The Judiciary Needs to be Remade

The moment of truth has arrived. The recent decision to grant status to non status Indians and Metis is just the tip of a very big iceberg. Bigger battles lie ahead. Given current trends the judiciary looks like it will not only grant Native peoples a veto over virtually every resource project in the country, but also ensure billions of royalties that now flow to the provinces will go to the bands instead. Furthermore, should the Supreme Court's pattern of treasonous behavior continue -- we are talking nation to nations after all -- and they cement Phelan's idiocy into law, race relations would be set back several generations and the feds and provinces will be out billions.
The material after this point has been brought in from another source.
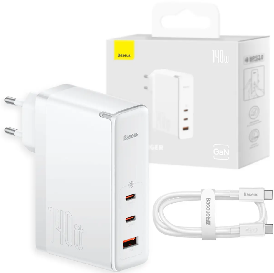 СЗУ Baseus GaN5 Pro CCGP100202 Fast Charger 2C+U 140W EU White (Type-C to Type-C 240W 1m)

For once the distinction between non-status and status Indian goes away so too does the ability of the crown to impose any income or excise taxes on native Canadians and Metis. On the one side will be 1.3 million native Canadians and a yet to be determined number Metis. On the other side, a shrinking number of work age Canadians will face a double whammy. Not only will they bare the financial burnt of all those baby boomers retiring, but they will also be picking up the tab for the only demographic group in the country with a fertility rate way above replacement levels. Invariably tax evasion amongst this later group will become endemic as chances for tax evasion increase exponentially and as they inevitably loose all faith in the system.

Extreme measures need to be taken. The government must remake the judiciary. Above all else, the government must remake the Supreme Court to insure that decisions like Phelan's do not become the law of the land. If that means politicizing the courts the way they are down south, so be it. Decades of judicial idiocy must come to an end.